**Exercise description**
Please set down only the lines running from the one with "OAK TABLE W/ 5 CHAIRS AND 2 LEAVES" through the last line of the entries, exactly as written and without any pictures.

**Provided records**
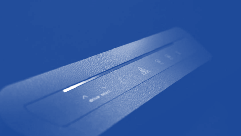 The prototype consists of a translucent TPO foil, which works as a touch interface. On the back of this foil, a printed mask is applied with symbols corresponding to the desired buttons. These symbols are printed in a way that is not visible when there is no back light. When the light source is activated, the symbols will be revealed, thereby revealing the buttons to the user.
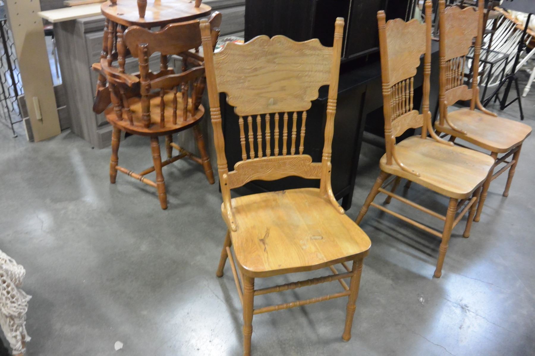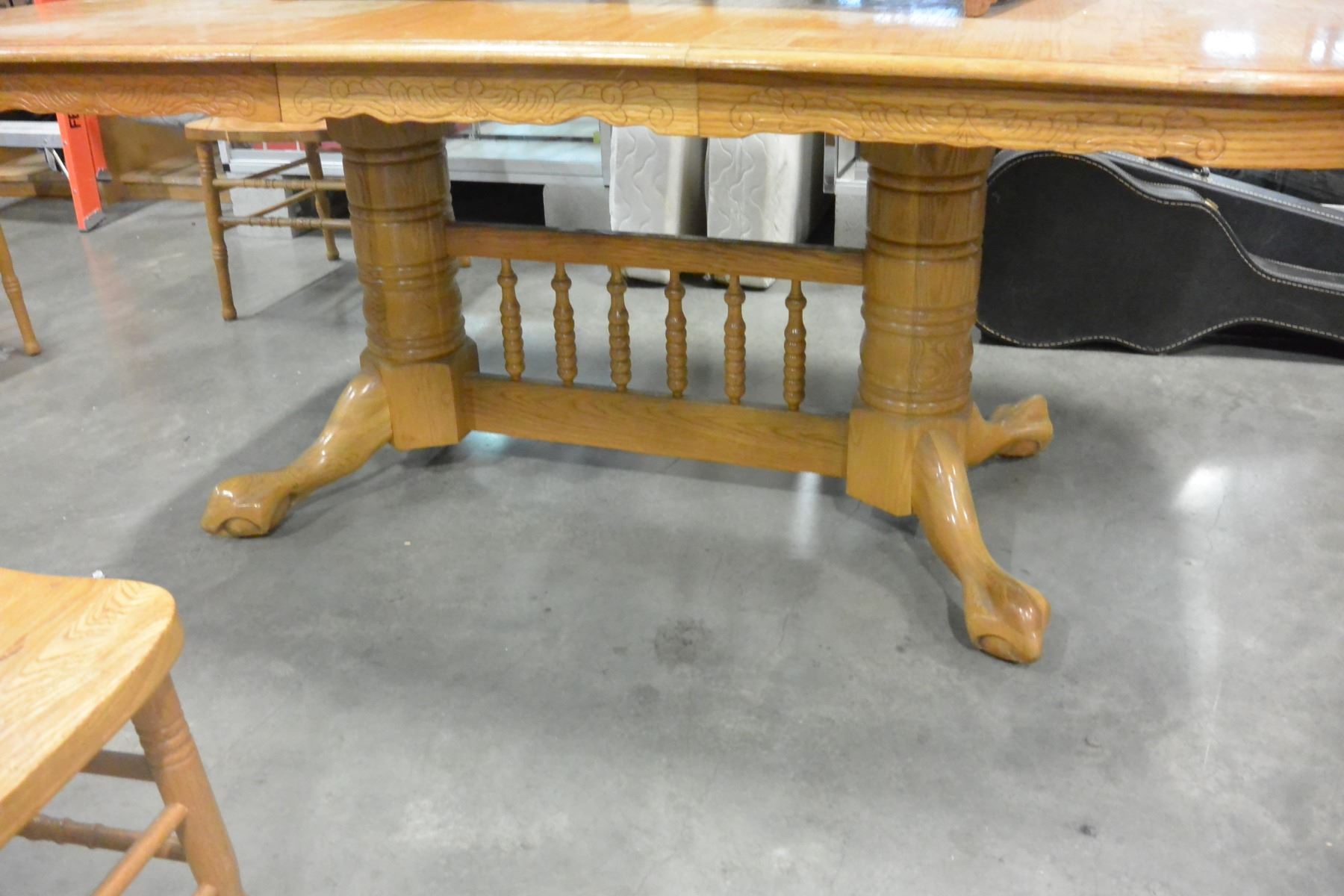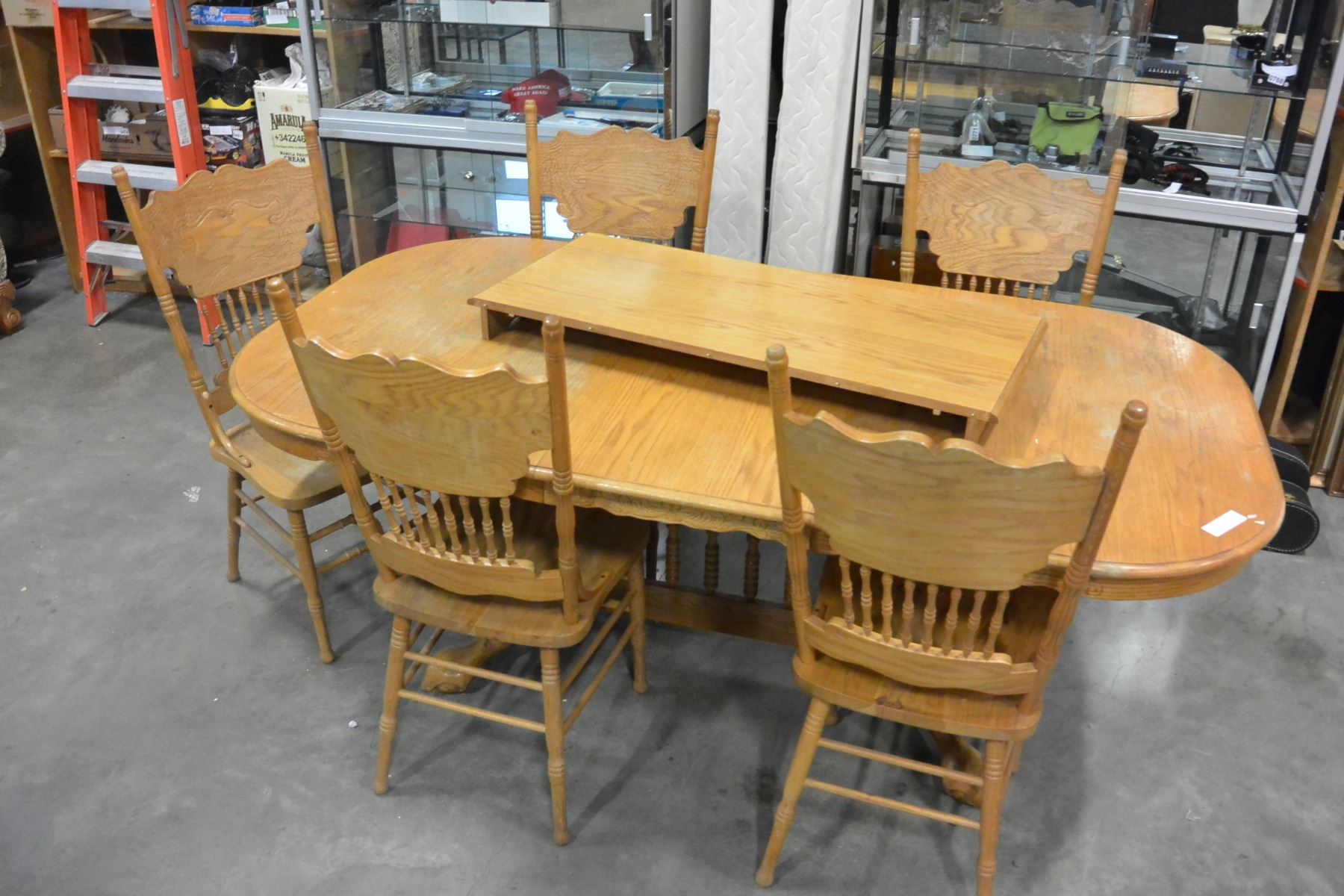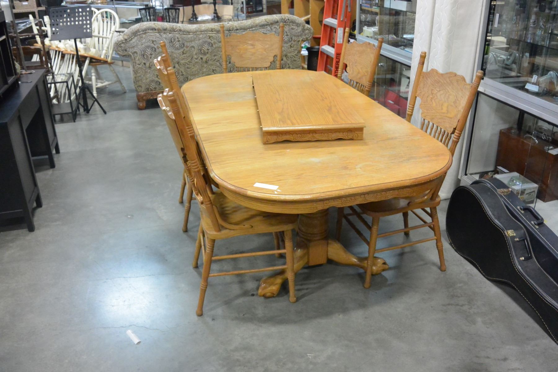 OAK TABLE W/ 5 CHAIRS AND 2 LEAVES
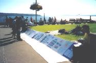 7.20那天的游行结束后,学员又到市中心依山傍水的湃克公园展出正法之路图片系列。这个公园是西雅图的一个旅游景点,远处可见百里之外的大雪山耸入云霄,近处点点白帆点缀着蓝色的海湾。白雪、绿松、蓝水,尽在眼底。
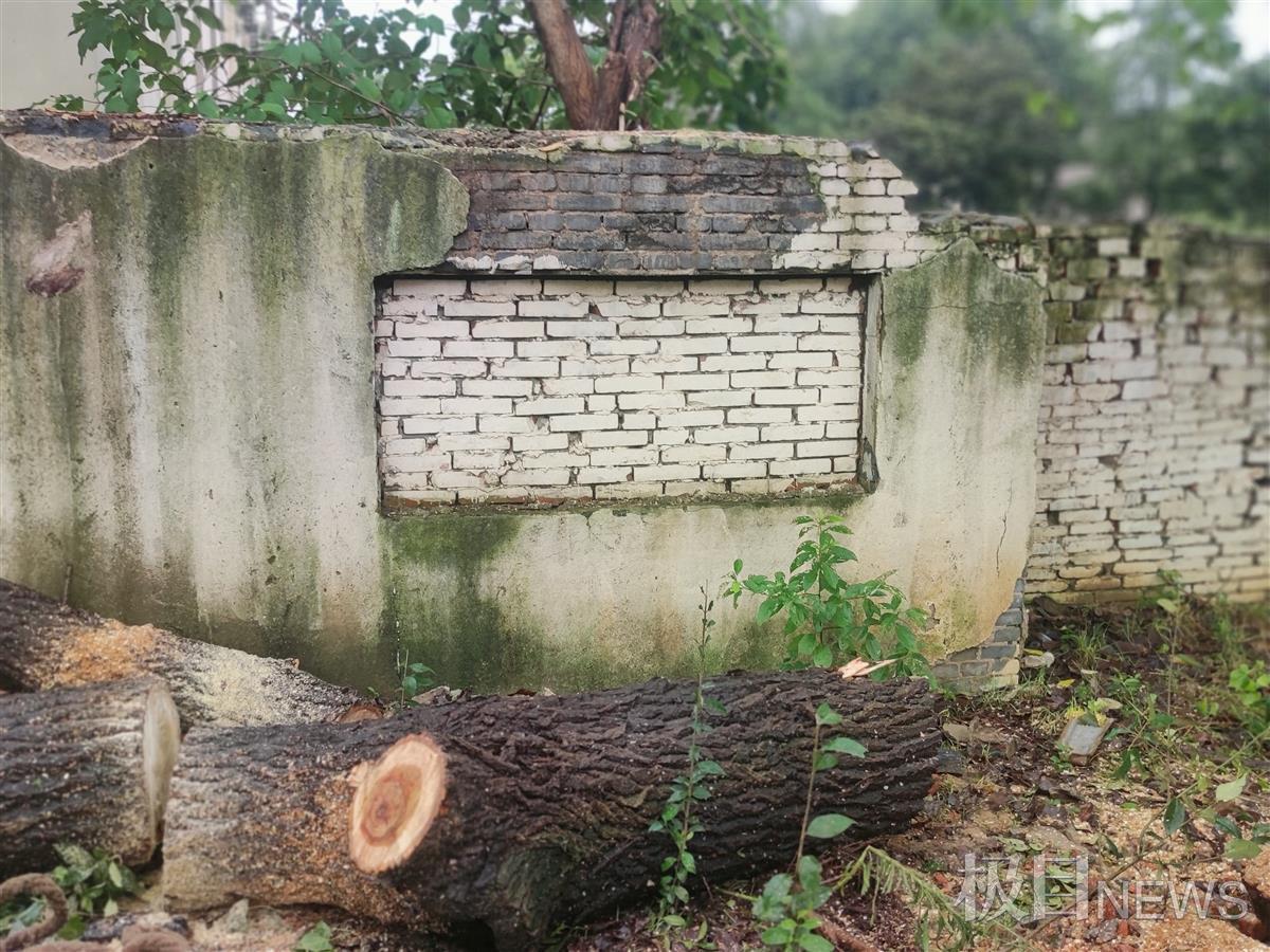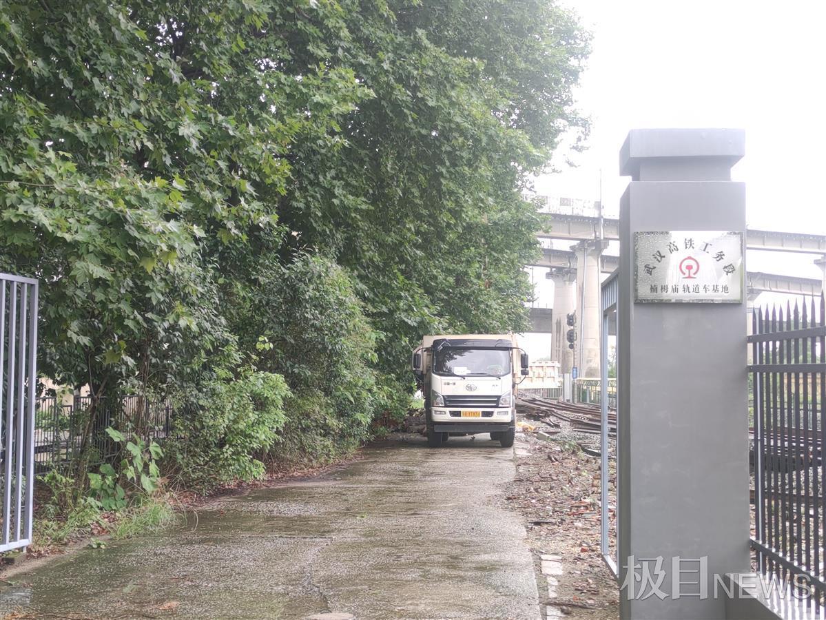 沿着围墙,记者来到“肇事”大树所在地。这是一个单独的院落,院门口牌子上写着武汉高铁工务段楠栂庙轨道车基地。院内左边是一片空地,上面杂草丛生,五六名工人正在用电锯切割倒在地上的树干。
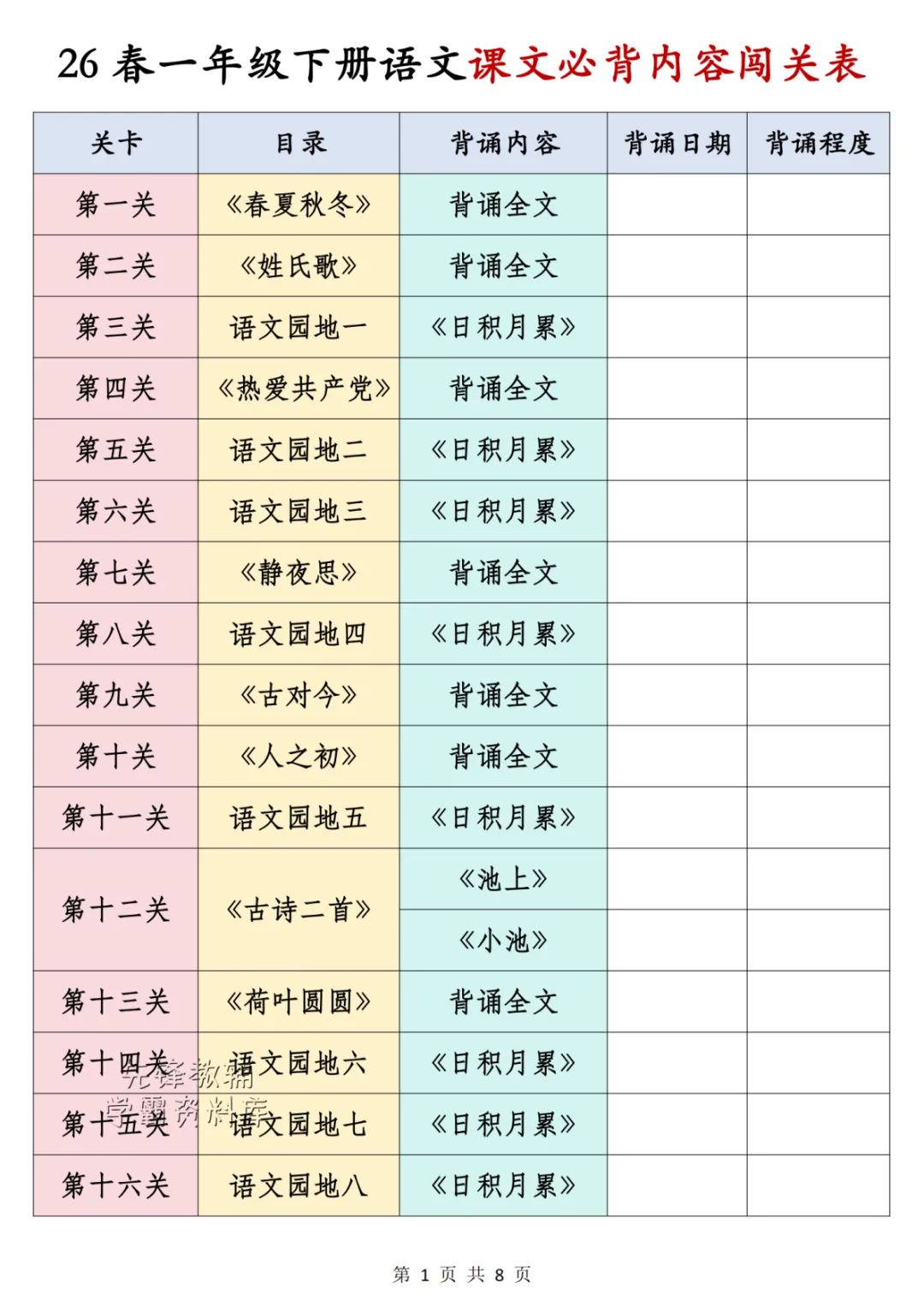 今日分享2026 年春一年级下册语文寒假预习闯关表,电子版可打印。它将全册知识细化为每日小任务,涵盖字词、背诵等。孩子按表闯关,趣味预习,扎实基础,轻松开启新学期语文学习之旅。
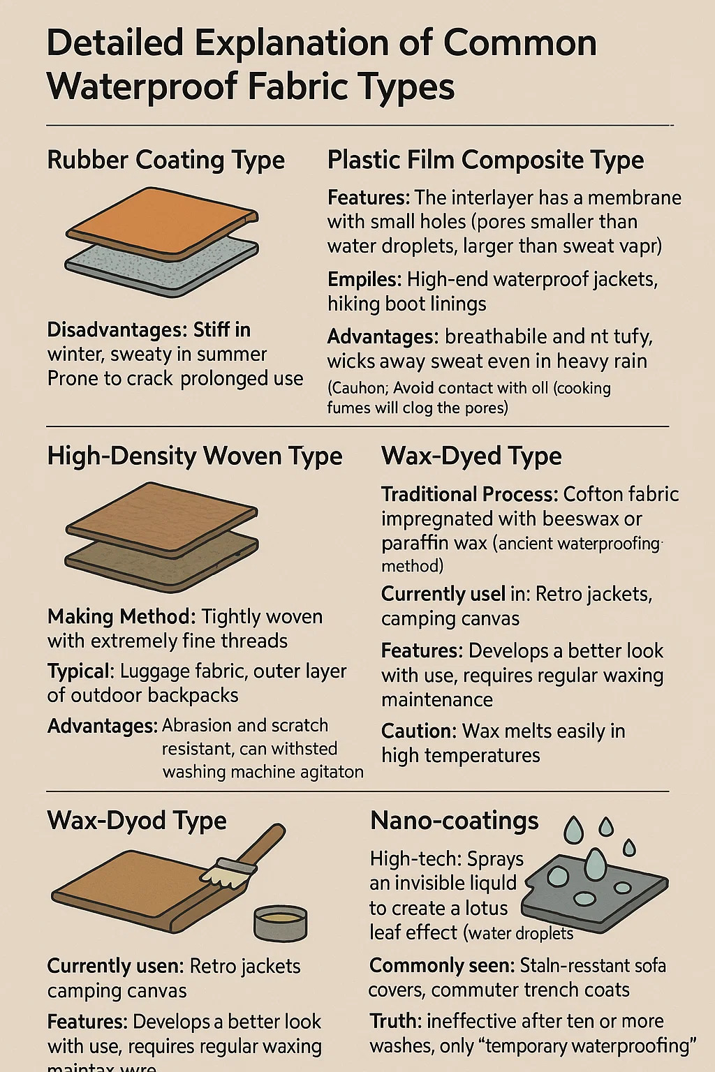 Spiegazione dettagliata dei comuni Tessuto impermeabile Tipi

**Your solution**
 OAK TABLE W/ 5 CHAIRS AND 2 LEAVES
 7.20那天的游行结束后,学员又到市中心依山傍水的湃克公园展出正法之路图片系列。这个公园是西雅图的一个旅游景点,远处可见百里之外的大雪山耸入云霄,近处点点白帆点缀着蓝色的海湾。白雪、绿松、蓝水,尽在眼底。
 沿着围墙,记者来到“肇事”大树所在地。这是一个单独的院落,院门口牌子上写着武汉高铁工务段楠栂庙轨道车基地。院内左边是一片空地,上面杂草丛生,五六名工人正在用电锯切割倒在地上的树干。
 今日分享2026 年春一年级下册语文寒假预习闯关表,电子版可打印。它将全册知识细化为每日小任务,涵盖字词、背诵等。孩子按表闯关,趣味预习,扎实基础,轻松开启新学期语文学习之旅。
 Spiegazione dettagliata dei comuni Tessuto impermeabile Tipi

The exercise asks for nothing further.